Google Apps Script allows you with minimal fuss to write JavaScript that interacts with a corresponding Google Sheet. In turn that allows for the possibility of connecting to the APIs of the various data sources you’re trying to do something with. For MoMA that means things like our ticketing system, email service, social media channels, and our app downloads tracking service among others can all be setup such that each night a Google Apps Script goes out to each API, requests data from the previous day, and then inserts that back into a Google Sheet. And with Google Apps Script triggers, that happens entirely automatically with no human input. From there it can be brought in to visualization software like Tableau or Google Data Studio, or simply shared to someone else and they can do whatever they in turn want to do with it.

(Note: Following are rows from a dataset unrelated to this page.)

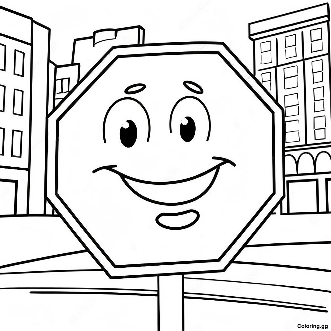 دانلود PDF قابل چاپ از صفحه رنگ آمیزی علامت توقف کارتونی در یک شهر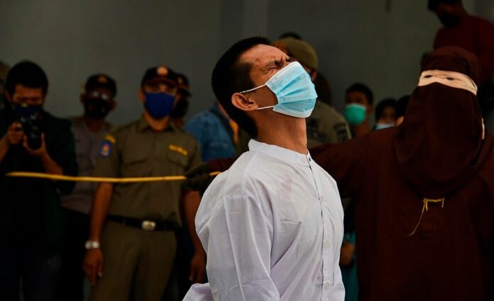 Δύο ομοφυλόφιλοι άντρες ικέτευαν για έλεος καθώς μαστιγώνονταν από 77 φορές ο καθένας στην Ινδονησία σήμερα επειδή κατηγορήθηκαν για παραβίαση του ισλαμικού νόμου.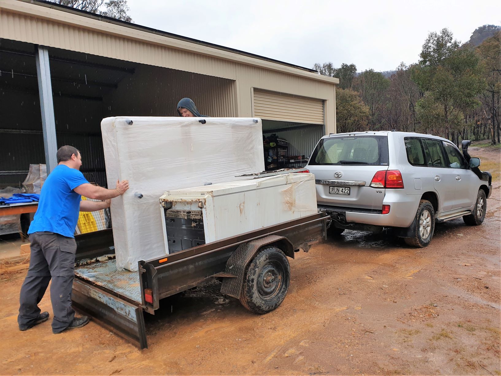 Finally, the big (rainy) day came when we could move our stored furniture from the shed to the house. We called in our family muscle to help do the job.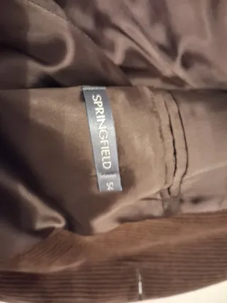 Americana de pana en color marrón. T.54 - Cierre de dos botones. - Dos bolsillos frontales con solapa. - Cuello de solapa clásico.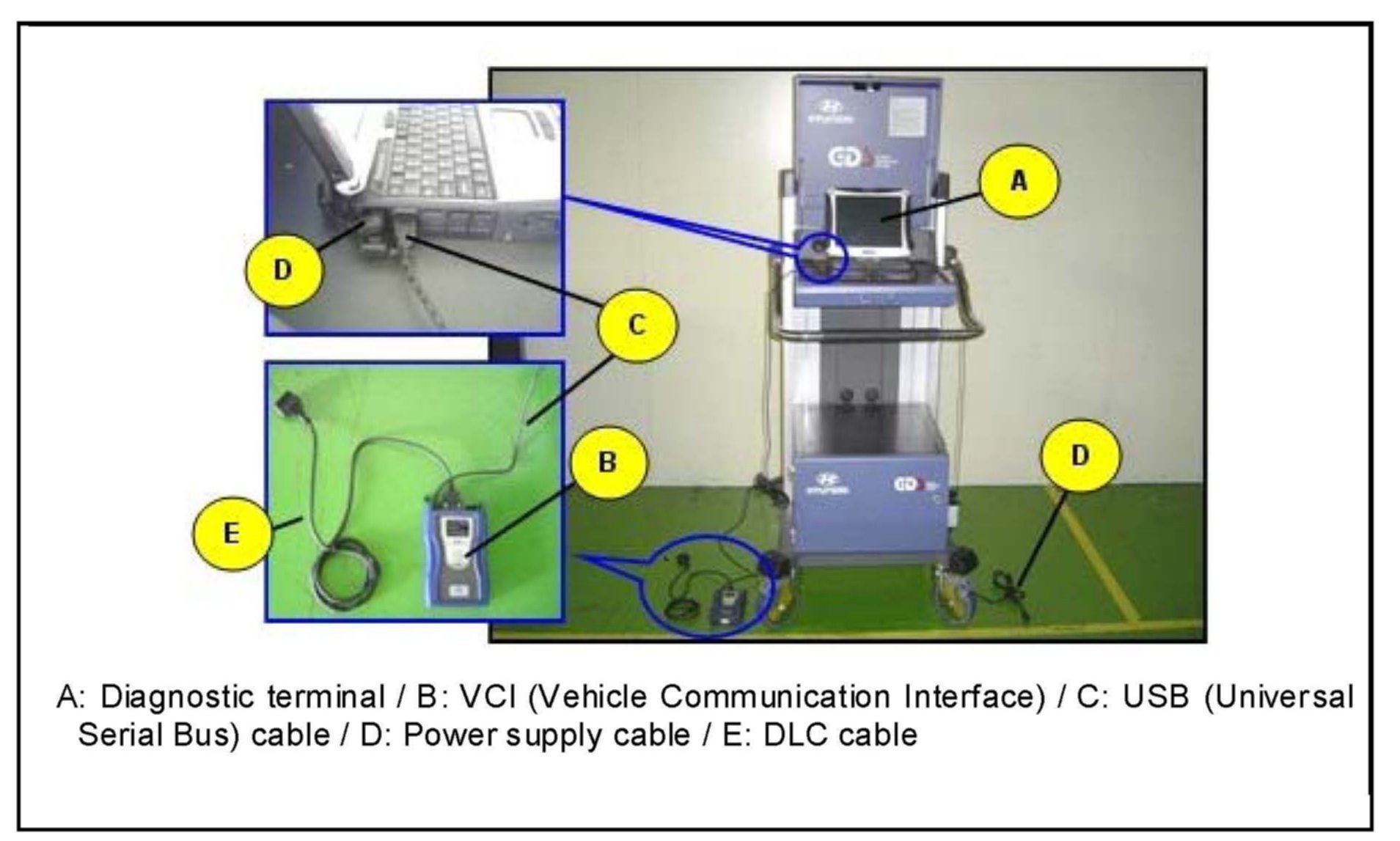 2. Connect the USB cable between the VCI and the diagnostic terminal.

Admittedly, “here’s the solution, just write some JavaScript and couple it all to a dashboard in Tableau” is itself fairly technical, but on the scale of what it could be I think this is reasonable. Google provides sample code for a variety of services that without too much trouble that can be massaged into connections to others. And on a personal level, I think the reality is that as more of the systems we interact with shift to RESTful APIs this kind of institutional knowledge will have to grow.

What this sort of middle ground of technical automation and integration allows for is an easy source of consistent data. With proper documentation, this opens up metrics to more people without having to deal with access to the specific services themselves, and allows for them to answer more of their own data questions. The technical cost is in setting up the API connections in Google Apps Script, but once that’s done there should be much less upkeep necessary than for a more end-to-end from-source-to-viz solution.

TL;DR

The vast majority of the work in building a dashboard for MoMA’s digital properties has been in figuring out why the numbers are what they are, and how to get them into a consistent and useable format. Updating them automatically on a schedule has been icing on the cake. This is a project that has taken me across the museum and a good chunk of the internet. And it’s become abundantly clear that there is no substitute for personal conversations.

I’ll end with a few top tips for anyone undertaking a similar journey through data:

  1. Talk to people.
  2. Don’t assume you’ll remember what someone patiently explained to you; please write it down.
  3. Accept imperfection. Lots of it.

And if I could give those tips a second time, I would do that too.